Water intrusion is a common issue in reservoirs containing marginal or bottom water44. Currently, the primary solution is creating impermeable artificial barriers using sealing and plugging materials, such as cement, to cut off the hydraulic connection between the reservoir and the aquifer45,46,47,48,49. This water control concept can be integrated into NGH development. Moreover, artificial barriers also increase the resistance to hot water and gas migration to the permeable cover layers, which may be promising for the safe and efficient extraction of marine NGH.
This study proposed a novel reservoir stimulation method, including the use of high-conductivity artificial fractures to improve reservoir mass and heat transfer efficiency and the use of impermeable artificial barriers to address boundary water intrusion, decomposition gas escape, and injected heat loss. Furthermore, the injection-production behavior was numerically investigated with challenging Shenhu hydrates at the SH2 site as a case study, and the influences of key parameters were analyzed. Therefore, compared with previous similar studies, the proposed mode comprehensively considers gas–water production, gas leakage, and energy utilization, and is expected to provide new insights for the safe and efficient exploitation of challenging hydrates.
Numerical modeling
Wellbore-reservoir model
The clayey silt NGH deposit at the Shenhu SH2 site, in the South China Sea, is taken as a case study. The hydrate-bearing layer (HBL) is located 185 m below the seafloor (mbsf), with a thickness of 0–44 m, and 40 m is taken here for modeling50. To accurately simulate reservoir temperature–pressure transfer, the thicknesses of the overlayer (OL) and underlayer (UL) are set to be 80 m. A three-spot horizontal well pattern was used36,37,39,40, wherein all horizontal well sections were located in the middle of the reservoir with a well spacing of 100 m. In addition, reservoir properties are assumed to be homogeneous along the well axis, and thus only a unit horizontal well section was modeled. As a result, the model size was 200 m × 200 m × 1 m, as depicted in Fig. 1.

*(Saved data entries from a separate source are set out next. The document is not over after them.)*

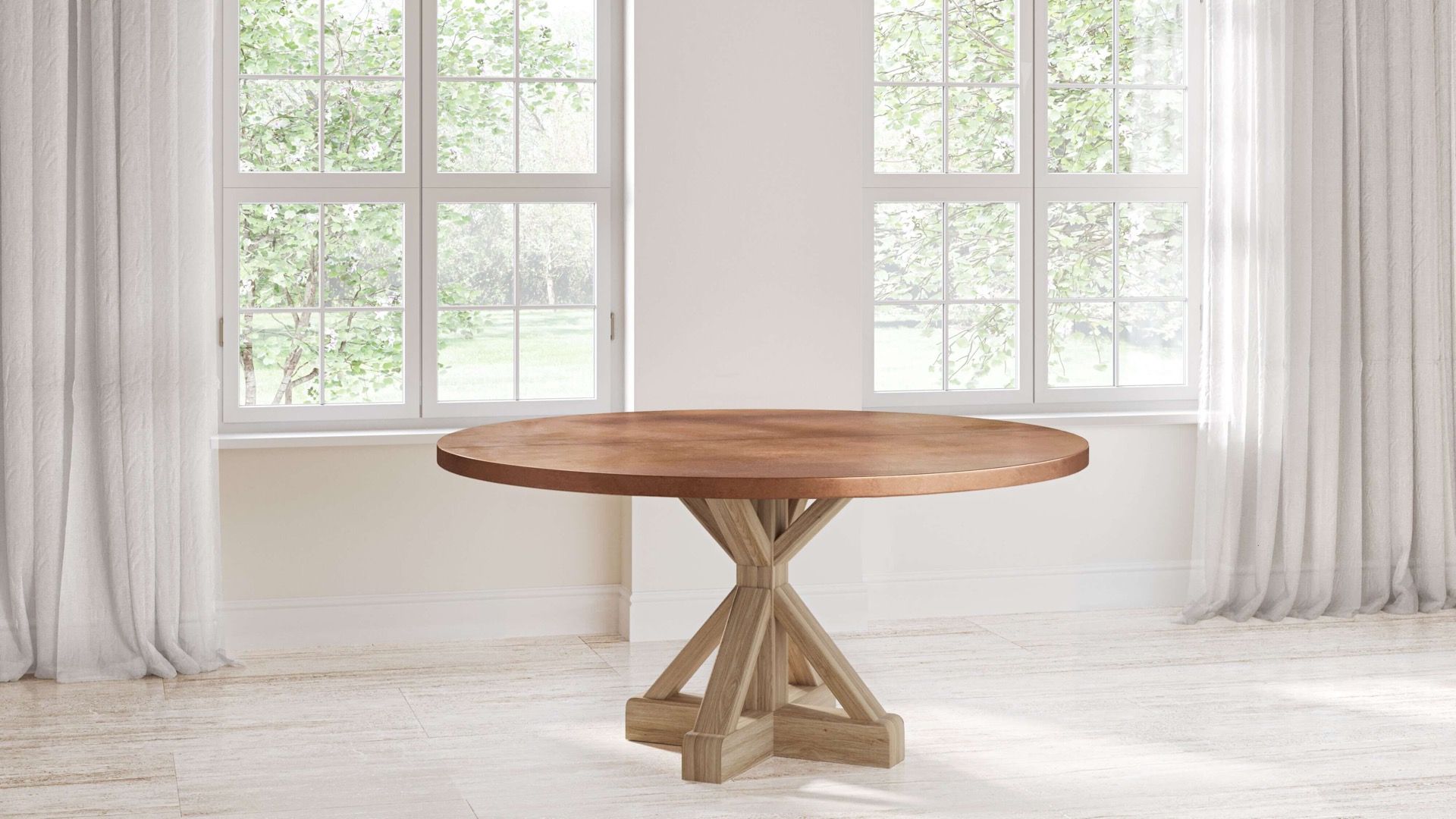 French Trestle Round Copper Dining Table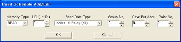 PORT : 0, STATION : 1, ADDRESS:0160, EXTRA1 : f8, EXTRA2 : 1 À̶ó°í ¼³Á¤Çϰí 5000 ÀÇ ¾Æ³¯·Î±× °ªÀ» Ãâ·ÂÇϸé WR3385ÀÇ 1¹ø LCU, 60¹ø Group, 1¹ø Point ±×·ì µ¥ÀÌÅ͸¦ ÀÐ¾î¼ WORD ¸Þ¸ð¸® 5000 ¹øÁöºÎÅÍ 256 (°³º°»óÅ µ¥ÀÌÅÍ) + 32 (Á¶±¤¼³Á¤ µ¥ÀÌÅÍ) + 32 (Áö¿¬¼³Á¤ µ¥ÀÌÅÍ) °³ ÀúÀåÇÑ´Ù.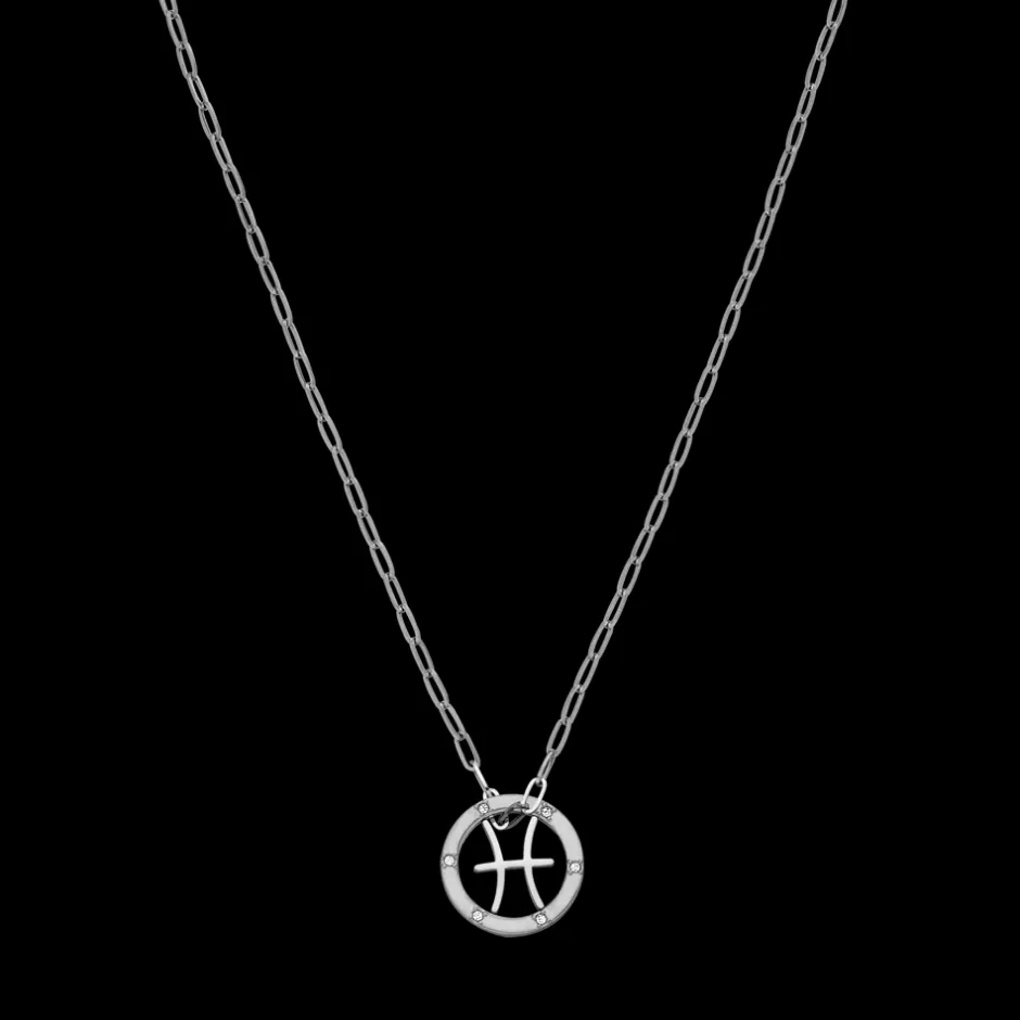 Der Runde Anhanger An Der Zodiac Halskette Aus Auffalligen Kettenelementen Tragt Das Glanzend Polierte Symbol Fur Das Sternzeichen Fische In Der Mitte. Der Rand Ist Mit Schmucksteinen Verziert Und Matt.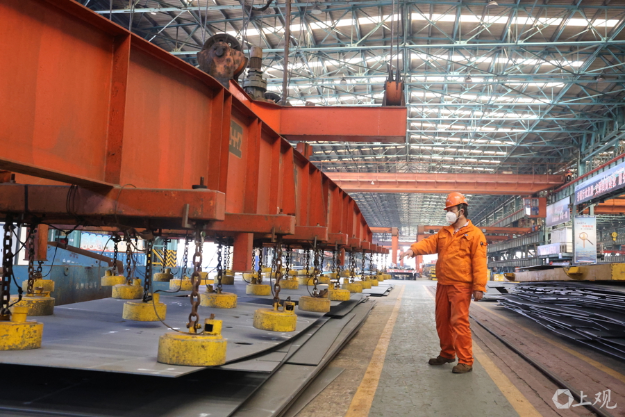 造船第一步,抓取钢板切割下料。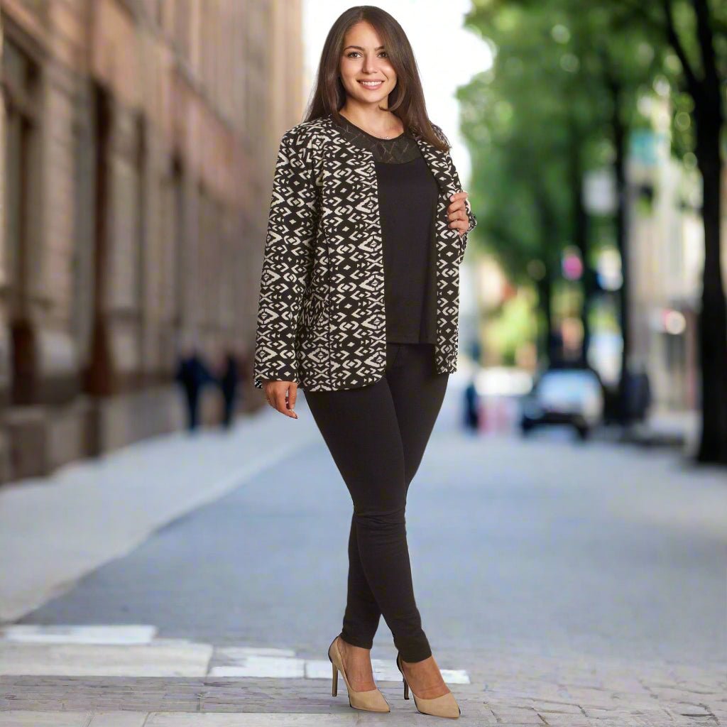 Găsește-ți stilul ideal cu jacheta neagră formală de la Maxi Market, concepută special pentru femeile cu forme voluptuoase. Această jachetă elegantă este confecționată din 95% vâscoză și 5% elastan, ceea ce îi oferă o ușoară elasticitate și confort la purtare. Este ideală pentru evenimente de primăvară-vară și ocazii formale. Închiderea cu nasturi adaugă un detaliu elegant și practic.
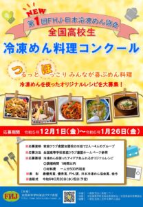 全国高等学校家庭クラブ連盟様主催、私たち(一社)日本冷凍めん協会の協賛にて、「第1回 FHJ―日本冷凍めん協会 全国高校生冷凍めん料理コンクール」が開催されました。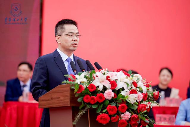 毕业典礼上,潘建明作为校友代表致辞,分享了自己在母校求学的经历和感受。他满怀深情地回忆着在校园中的点点滴滴,心中充满感激。他表示,大学求学期间不仅汲取了知识,更在母校“敦本务实、崇义奉公”的治学精神熏陶下,塑造了自己独立思考、追求卓越的高尚品质,这段经历成为他人生中宝贵的财富。他对即将毕业的学弟学妹们寄予殷切的期望,希望大家坚定信念,勇抓机遇、挺膺担当,传承和弘扬老一辈核工业人的“两弹一星”精神,践行“强核报国、创新奉献”的新时代核工业精神,以红色基因为荣,与国家“两个一百年”目标同步,在各自岗位上扎根立业、成就事业。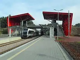 The PKM has 11 stations and stops along the route, the twelfth is being built and due to open in 2023.[5] The company also owns and operates further two stops, Gdynia Karwiny and Gdynia Stadion, located on the section of line 201 connecting Gdańsk Osowa and Gdynia Główna.[6] The line has only been recently electrified at the national standard of 3 kV DC, though regular service is still provided by ten DMUs that were ordered from Pesa SA of Bydgoszcz costing 114 million zł ($34 million).[7][8]
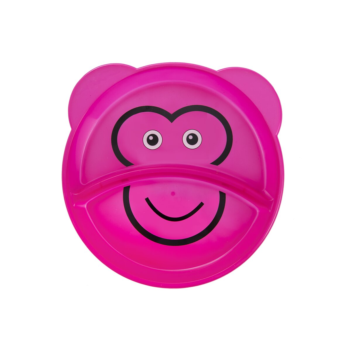 Kód produktu 128273Dětský plastový talíř ve tvaru zvířátka se dvěma oddělenými přihrádkami na jídlo.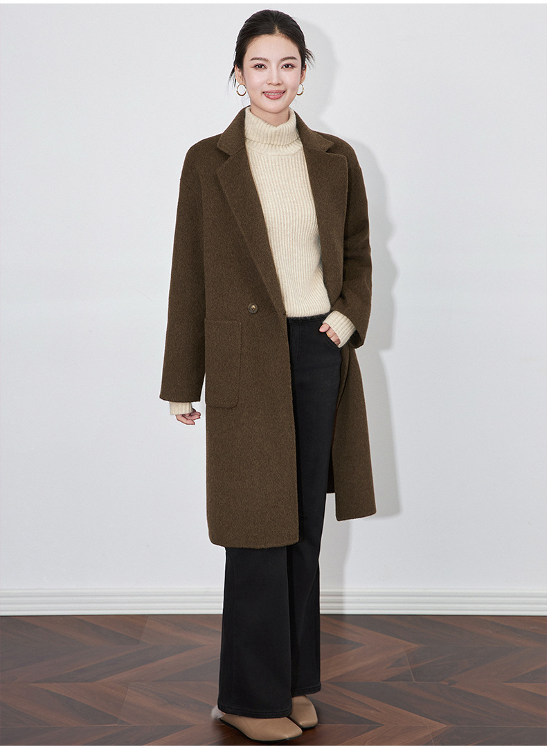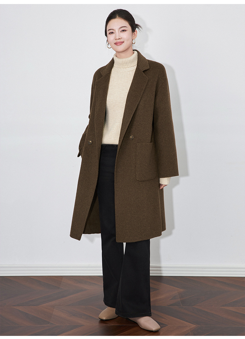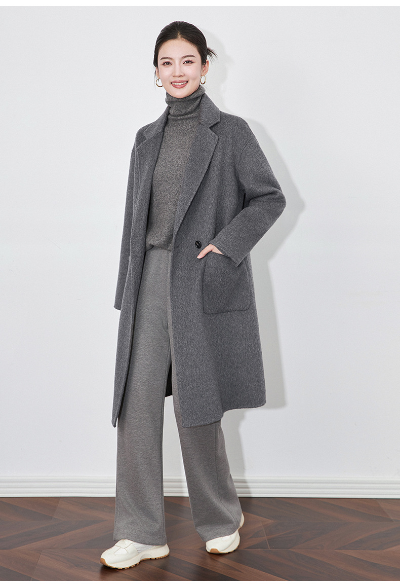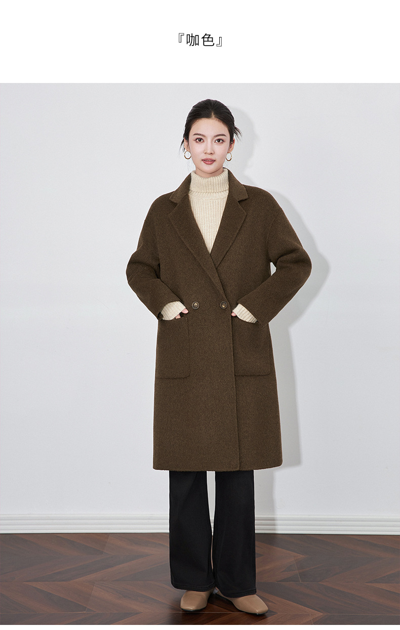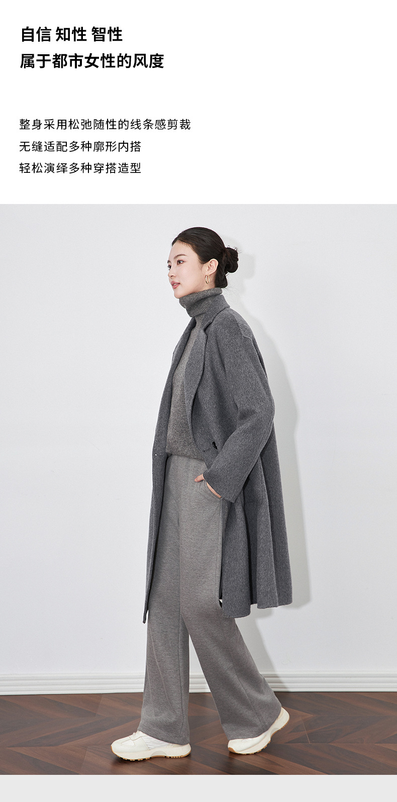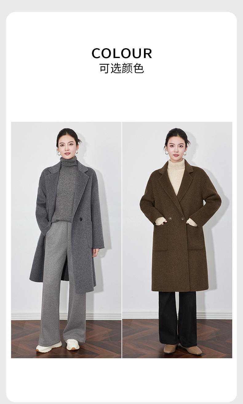 【高货wl】全新升级【铂金会员588/天猫789/差价201】(03116) 洛诗琳精简职场羊毛双面呢外套宽松西装领中长款毛呢大衣

Reservoir stimulation scheme
The reservoir stimulation consists of 2 processes: fracturing the HBL and sealing the permeable OL and UL, with a feasible scheme given as follows.
First, one horizontal artificial fracture is created between wells by hydraulic fracturing technology (Fig. 1), which has been commonly used to improve inter-well heat and mass transfer efficiency36,37,38. It should be noted that, although NGH deposition has the characteristics of low strength and weak/unconsolidated, several researches have proved that hydraulic fractures can be generated from the sample scale51,52,53,54,55. Nevertheless, due to the complex and uncertain geostress state of deep-sea sedimentary laye, fracture morphology cannot be determined yet. Here, referring to previous studies29,36,37,43,56, it is assumed that a horizontal fracture is formed with a fracture half-length of 100 m and fracture width of 0.01 m.
Second, chemical sealing and plugging techniques were employed to create impermeable horizontal artificial barriers at the top and bottom of the HBL (Fig. 1). As early as 1962, this idea of creating horizontal barriers for controlling water coning was proposed49. Subsequently, a variety of chemical water shutoff agents was developed, such as gel and polymer, thus making it feasible to create large artificial barriers with the processes of “injection, migration, plugging, and stabilization”44,46,48. E.g., Bai et al.45 achieved “long-distance, long-lasting” profile control in oil reservoirs using in-situ generation of dispersed gel particles under reservoir conditions.
After the artificial barriers and fractures were built, production was initiated using depressurization and hot water injection, as depicted in Fig. 1. Referring to previous studies, the intermediate wells inject thermostatic hot water at a constant injection pressure, whereas the lateral wells produce at a constant bottom-hole pressure36,37,38. It should be noted that wellbore stability was not considered in this study. Given that hydraulic fracturing may disrupt the integrity of the formation, in particular, hydrate dissociation can further weaken the formation strength and induce issues such as fracture closure and submarine landslide. All of these pose significant challenges to wellbore stabilization. These geomechanical issues need to be addressed in further research.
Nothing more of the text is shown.